A derivative represents the rate of change of a function concerning its variable. In calculus, finding the derivative is key to understanding how the function behaves. For the given function:$y=4x^3+9x^2-12x+3$, we compute the first derivative to find critical points:
$\frac{dy}{dx}=12x^2+18x-12$. Setting this derivative equal to zero:
$12x^2+18x-12=0$. Solving this equation simplifies our search for the critical points, ensuring we evaluate the function accurately within its given range.

Quadratic Equation

Quadratic equations are polynomial equations of the form $a{x}^2+bx+c=0$. In our case, the simplified derivative results in:
$2x^2+3x-2=0$. Using the quadratic formula, $x=\frac{-b\pm \sqrt{b^2-4ac}}{2a}$, where $a=2$, $b=3$, and $c=-2$, we can find the roots:
$x=\frac{-3\pm 5}{4}$. This gives us the solutions $x=\frac{1}{2}$ and $x=-2$. The acceptable root within the interval $[-1,1]$ is $x=\frac{1}{2}$. Evaluating the function at these points helps pinpoint the minima and maxima needed for our optimization problem.

Trigonometric Functions

Trigonometric functions, such as cosine, play a critical role in many calculus problems.

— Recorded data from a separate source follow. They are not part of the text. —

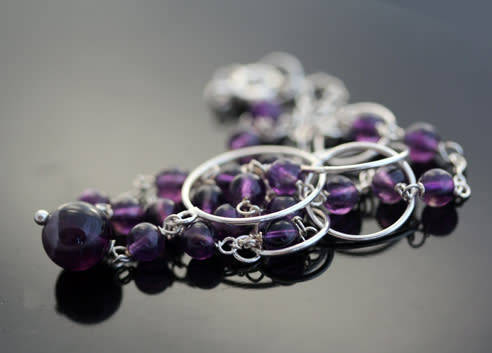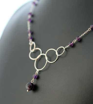 This delicate piece has a geometric design. The neckpiece is a traditional open link sterling silver chain with small round cut deep purple amethyst beads in pairs along the neckpiece, each set of beads are separated by two silver links between the beads. The 'Y' design of the necklace has a focal point at the centre where five slender openwork circles are interlinked, going from smallest to the largest central one, from which dangles the pendant which comprises a small round amethyst followed by a larger one, again separated by two silver open links. The necklace is in good condition, measuring 44.5cm long, with a 40mm long pendant. Weighing 6.43 grams, the piece bears the 925 hallmark indicating sterling silver. Contemporary design and a pretty colour combination make for a striking piece.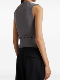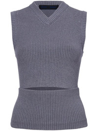 Cruz top Highlights - Medium grey - Ribbed knit - V-neck - Sleeveless - Cut-out detailing - Decorative button detailing - Straight hem Imported Composition Viscose 55%, Wool 37%, Polyester 8%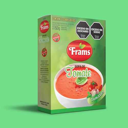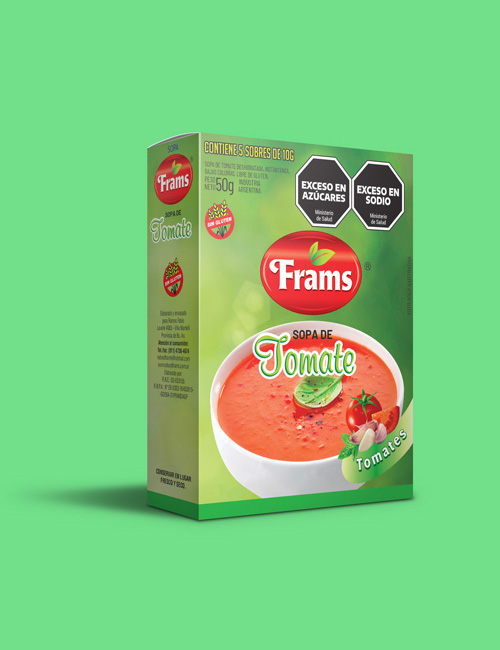 5 sobres de 10 gr Peso Neto: 50 gr. Sopa de Tomate deshidratada, instantánea y de bajas calorías. Libre de Gluten.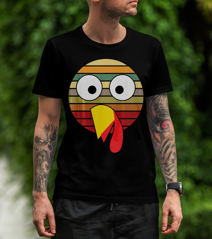 Retro Striped Turkey Face Thanksgiving Halloween Costume T-Shirt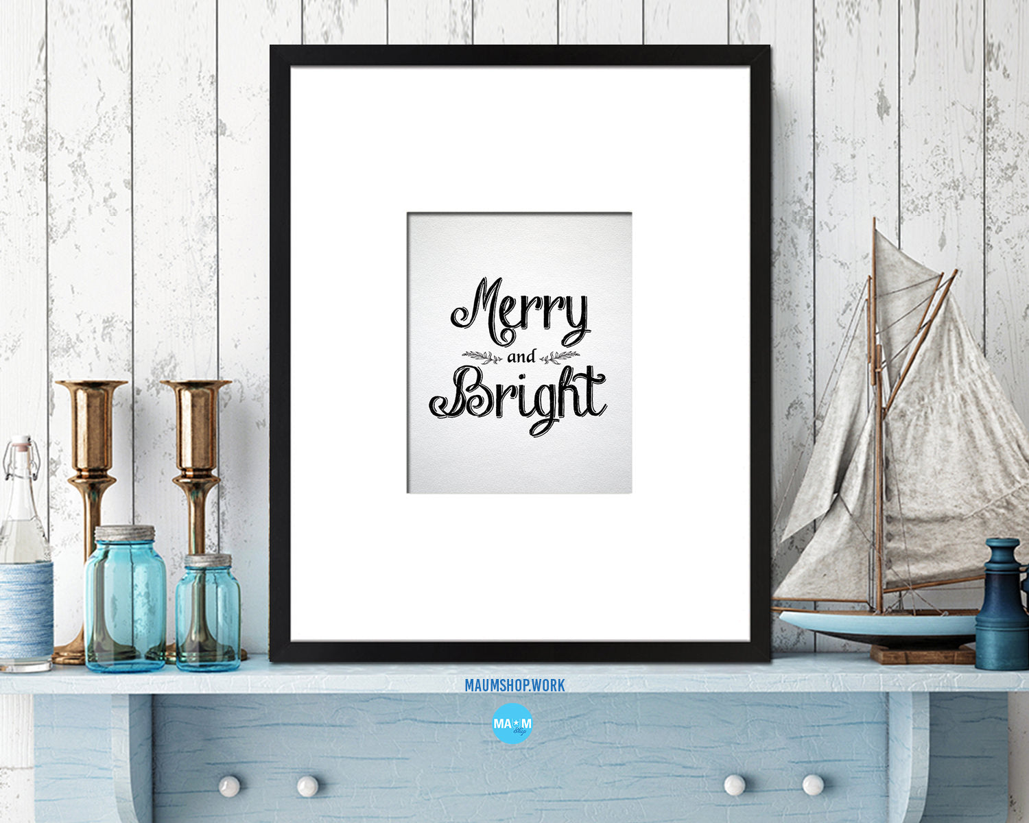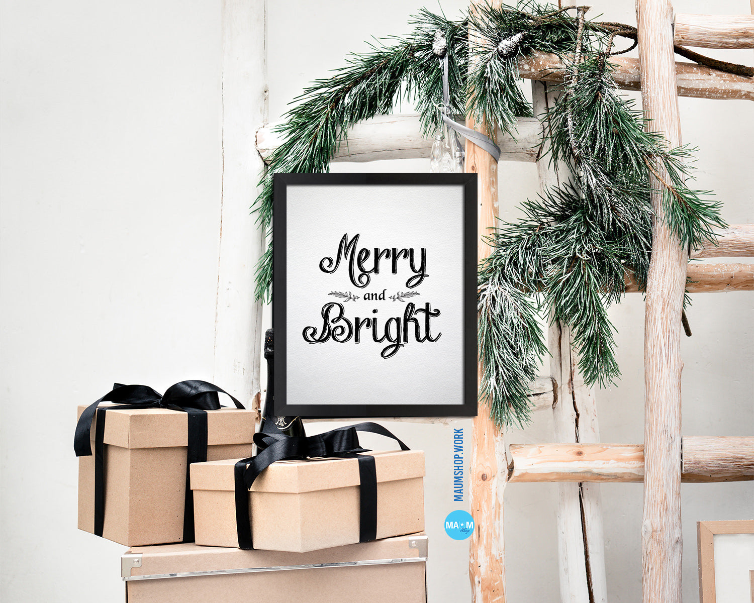 Merry and Bright Holiday Season Gifts Wood Framed Print Home Decor Wall Art
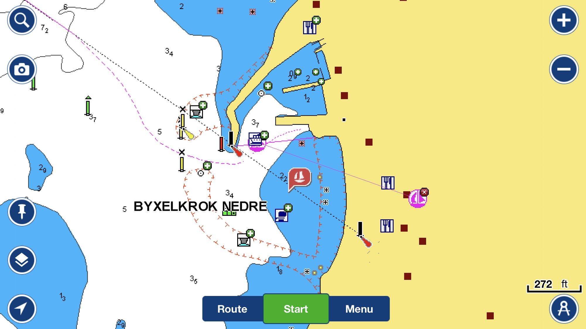 Mapy papierowe mogą się wydać nieco bardziej praktyczne przy planowaniu trasy, bo zwykle obejmują większy obszar na jednej karcie niż mały ekran “telewizorka”. Jednak to też nie do końca jest prawda: można użyć chart viewera w komputerze i tam już widać dużo lepiej.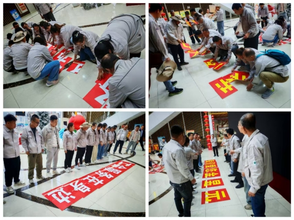 在拓展訓(xùn)練中,各組成員周密安排,明確分工,高效快捷地進(jìn)行拼字。在激烈的角逐中,助威聲、喝彩聲響成一片。當(dāng)“工會(huì)服務(wù)在身邊,我們愛(ài)您金昱元”十四個(gè)大字整齊拼成后,大家喜笑顏開、熱烈歡呼,對(duì)工會(huì)組織的感恩之情和對(duì)企業(yè)的自豪感與榮譽(yù)感油然而生。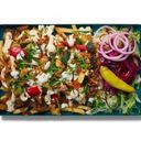 Kyckling, mixsallad, pommes, friterade grönsaker, fetaost, rostad lök, persilja, feferoni och chili mango curry sås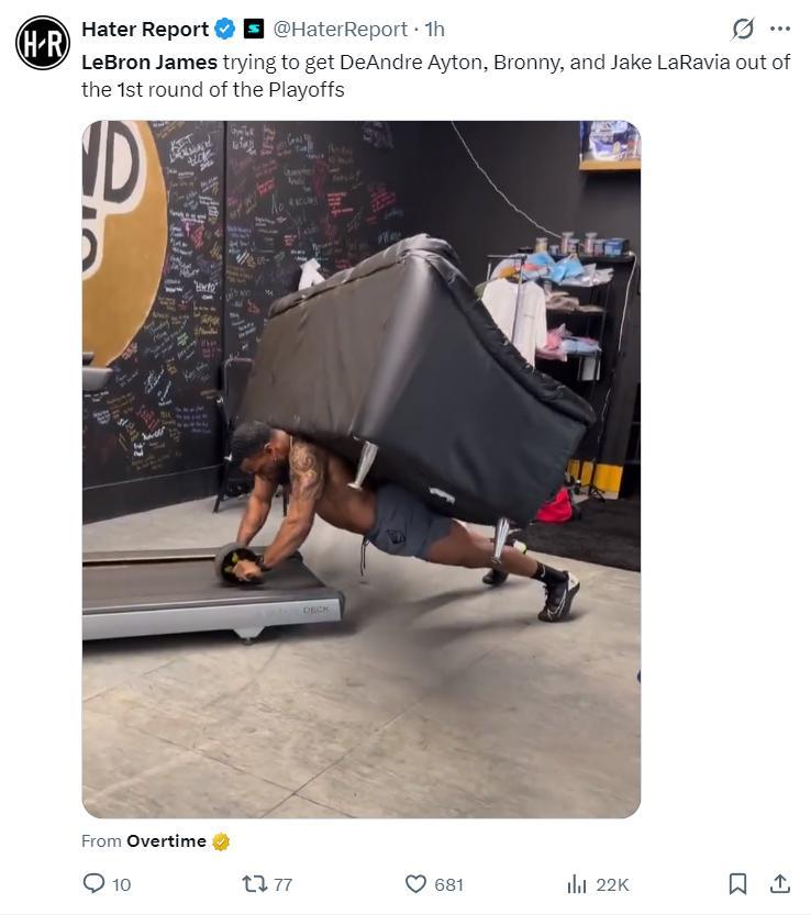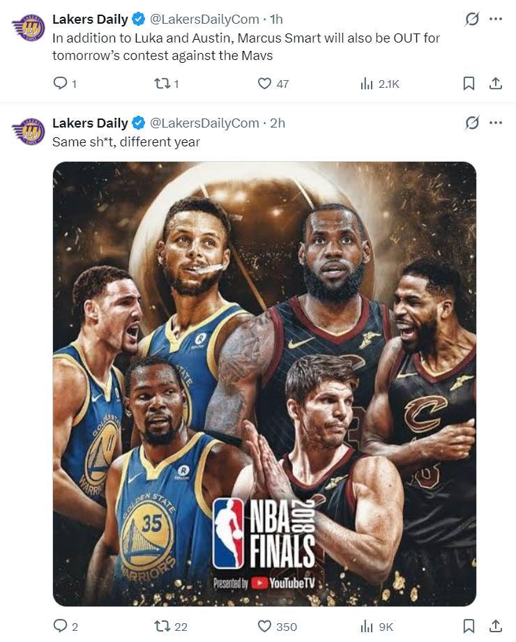 湖媒Lakers Daily又寫道:東契奇、裏夫斯、斯瑪特缺席對陣獨行俠,詹姆斯的季後賽似乎又變成了2018年單核對上宇宙勇!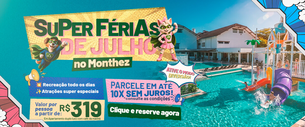 Prepare-se para viver as férias mais épicas do ano! 😍 Em julho, o Hotel Monthez convida você e sua família para uma experiência única com a campanha Super Férias 🦸♀️🦸♂️, inspirada no universo dos super-heróis. Aqui, cada detalhe foi pensado para transformar dias de descanso em uma verdadeira jornada de diversão, conexão e memórias inesquecíveis 💫👨👩👧👦

Given that $x=\cos \theta$ and $\cos \theta$ ranges within $[-1,1]$, we can rewrite the function as
$y=4{\cos }^3\theta +9{\cos }^2\theta -12\cos \theta +3$. By evaluating this equation at $x=-1$, $x=1$, and the critical point $x=\frac{1}{2}$, we note the values:
$y=20$ at $x=-1$,
$y=4$ at $x=1$, and $y=-\frac{1}{4}$ at $x=\frac{1}{2}$.
Comparing these, the maximum value is 20, and the minimum is $-\frac{1}{4}$.